| The natural system represented by a simplified serpentinization and dehydration reaction:
olivine + water <-> serpentine + associated minerals
has unusual properties from the standpoint of rheology and flow. In the absence of free water, the layer-silicate serpentine at T < 500°C is moderately strong, with a coefficient of friction of 0.6 over the range that it is stable, poor (001) cleavage, conchoidal fracture, high plastic yield strength, consequent to its difficult intracrystalline slip owing to its difficult basal slip that require breaking the Mg-O and Mg-OH bonds in the Mg interlayer and lack of easy slip on non-basal glide planes. The serpentinite-forming reaction involves a large mass uptake of water and volume increase. In excess of the amount of water to complete the reaction, serpentinites in orogens generally show abundant evidence of deformation under hydrothermal conditions, such as vein filling and deformation-induced dissolution and growth processes.

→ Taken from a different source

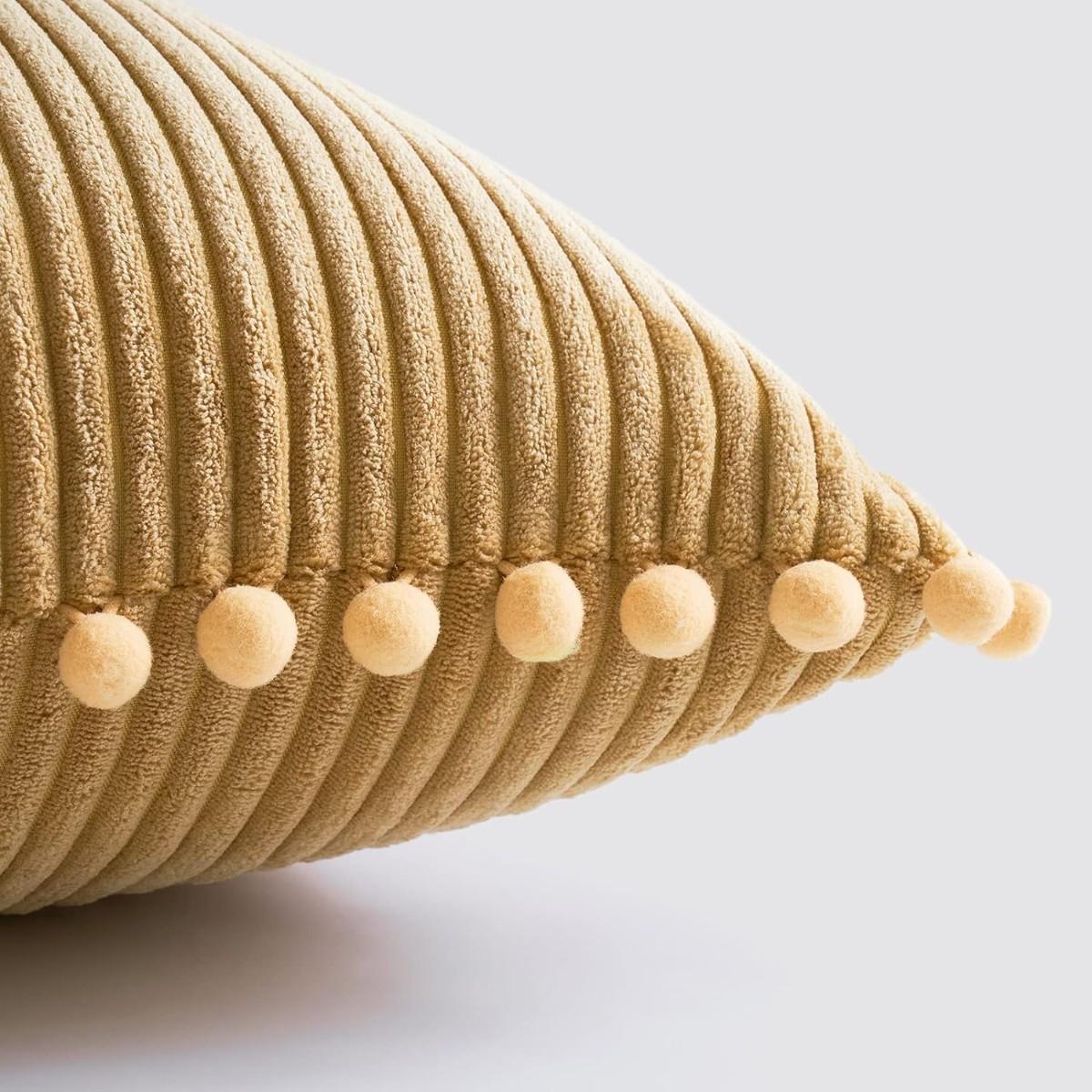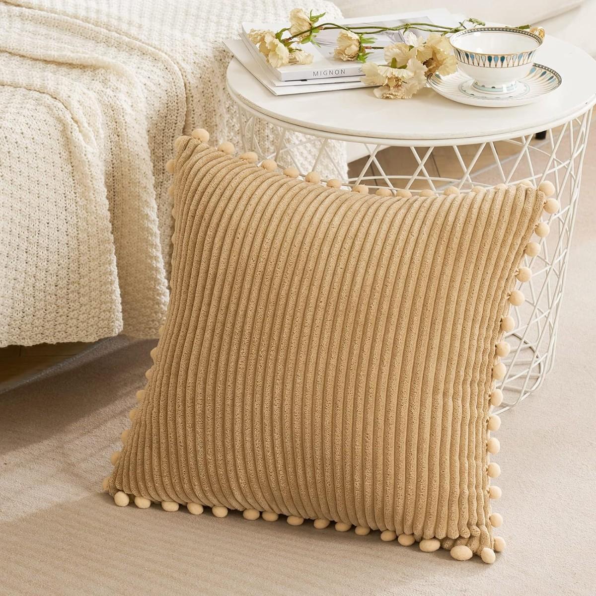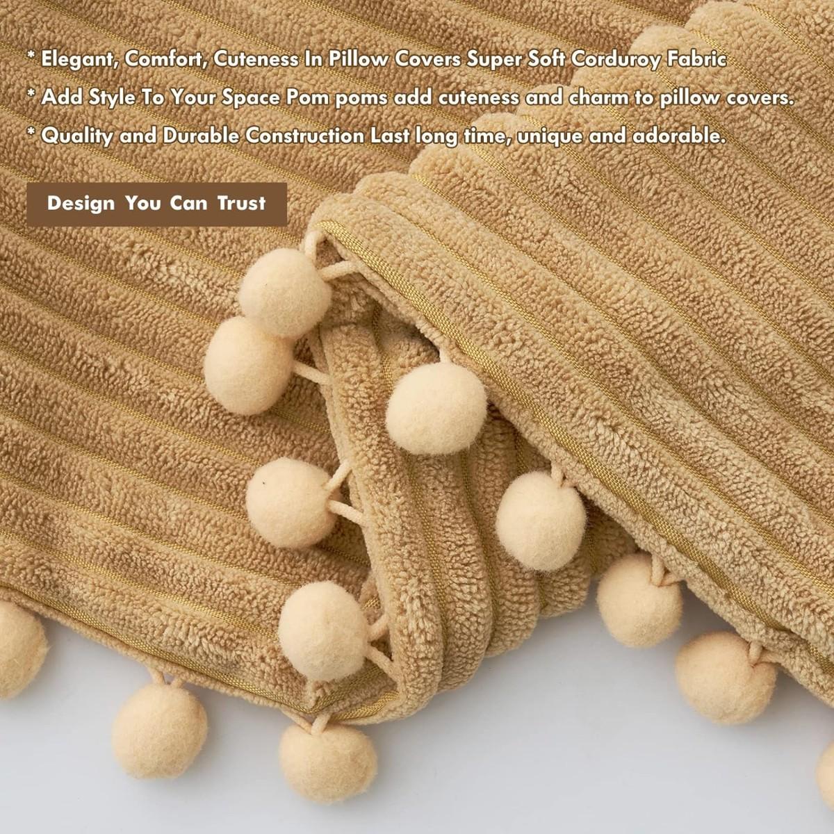 2 Boho Decorative Tan Throw Pillows w/ Pom-Poms (New in Box)

Recent petrographic studies of serpentinite block-and-matrix samples collected from the San Francisco Bay Area of California by Uno and Kirby (EPSL Submitted, 2017), Lewis and Kirby (2015 AGU Poster Abstract) verify the importance of this deformation mechanism in those rocks. Finally, dozens of geologic papers published from 1935 to 1999 on these same serpentinite bodies, including those based geologic mapping on surface and underground mercury mine workings, concluded that they are cold intrusions injected as plugs, sills, dikes and fault fillings as enabled by the rheological effects of hydrothermal fluids as described above (Kellner and Kirby, 2016 AGU Poster Abstract). Some of these bodies may have been driven upward as diapirs and/or by volume expansion while being serpentinized during ascent through the crust. Evidence for these reactions has been found in thin sections found in nearly several hundred thin sections cut from block samples from 21 such bodies (Uno and Kirby, 2017; Madeline Lewis and Caroline Kellner, unpublished, 2015-2016). Finally, we discuss a model that gives insight into the possible source of water, the source of the ultramafic rocks, and metamorphic rocks entrained in them (Kirby, Wang, and Brocher, EPS 2014). |